As in yesteryear, Fudd escapes from these scrapes not too much the worse for wear, with his body covered in soot and his clothes in tatters. That was the similar to the effect gunshots usually had in the prior versions of the show, if they hit anything at all.
To date, the show’s producers have not explained why guns are beyond the pale, but other instruments of violence and mayhem are not.
Nor, we trust, does it have anything to do with the fear that impressionable children might try to mimic what they see onscreen. Left-leaning media outlets and academics have mocked suggestions, including by President Trump and the NRA’s own Wayne LaPierre, that screen violence might negatively affect real behavior.
More likely, it’s simply a reflection of the growing intolerance the left has for any idea or expression that doesn’t meet their ever-expanding list of taboo topics and symbols, which recently have included a heroic cartoon police dog, an editorial by a Harvard-educated senator, and even the American flag.

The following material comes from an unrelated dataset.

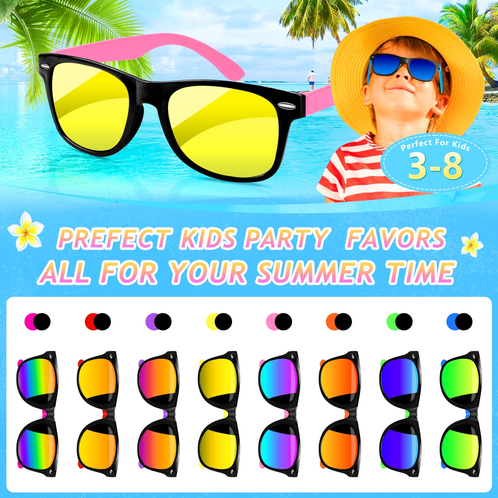 Sunglasses Bulk, Sunglasses Kids Party Favor, Boys and Girls, Pool Toys, Summer Toys, Party Toys, Goody Bag Stuffers (16) Specification: Size: Frame of each pair measures 5". Made of comfortable and unbreakable PP materials 8 bright colors (red, orange, yellow, green, blue, pink, rose pink ,purple) 100% protection against harmful UVA/UVB rays Package Contians: 8 pieces kids sunglasses bulk 【What's in the Package】Come with bulk pack of 8 kid sunglasses in 16 colors. This party favor pack includes a combination of red, orange, yellow, green, blue, pink, rose pink and purple. The value-for-money gift pack can bring freshness to children every day. No longer worry about loss of glasses. 【Material】The frame and the temples of the glasses are made of high-quality PP material, which makes them very flexible and almost unbreakable. 【Size】The total width of the neon sunglasses are approx. 5.0 inches and the leg length is 4.72 inches, suitable for kids over 3 years old. 【Summer Party Favors】Get summer ready with these hot eyewear looks for the whole family. Kids' sunglasses are always a fun party favor that no one can resist and these neon sunglasses in bulk will stand out and be enjoyed by all! 【Perfect Gifts】Tuck these sunglasses into treat bags, and end-of-the-year gift bags, or give them out as party favors, carnival giveaways, or just because of rewards. Shipping from the USA All of our products are shipped from the USA, ensuring quick delivery to your destination. Payment We offer the following payment methods: PayPal, credit card, bank transfer, and eBay's secure payment system. Free Shipping & Free Returns Shipping within the USA is FREE. Additionally, any return is absolutely free for you. Risk-Free Purchase You have the option to return an item within 30 days without any justification. We cover the return shipping costs! Fast Shipping We ship immediately upon receipt of payment. Generally, the package is delivered within 2-3 days in the USA. If it takes longer, we will contact you. Quality and Costs Made in Europe, USA, China No customs fees or additional charges Total satisfaction guarantee Invoice with declared VAT available upon request in .pdf format Feedback Your feedback is very important to us. After you pay for your purchase, you will automatically receive positive feedback from us.
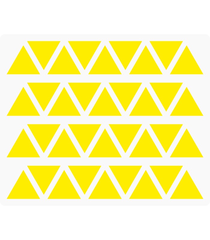 De stickers hebben een afmeting van 20 mm per zijde en op een vel zitten 36 driehoek markeringsstickers.

The irony, of course, is that no one would consider the original portrayals of Elmer Fudd and Yosemite Sam as particularly sympathetic to gun owners. They were, respectively, clueless and hot-headed. Their guns rarely did them any good, and they were continually outsmarted and outmaneuvered by the other characters. Their main function was to serve as the butt of the jokes.
But today’s antigun activists are so strident, so myopic, and so easily triggered that it’s somehow less disturbing and more acceptable to them to suggest that Elmer Fudd would dismember Bugs Bunny with a blade than for him to harmlessly displace Daffy’s bill with the blast of a nonlethal fantasy firearm.
So it goes in the never-ending effort to marginalize and eradicate not just guns and gun owners but the mere thought or suggestion of a gun.
Once again, to all the other Fudds out there, don’t say you were never warned. If Elmer’s and Sam’s guns are unacceptable to the firearm prohibitionists, don’t think yours will eventually fare any better."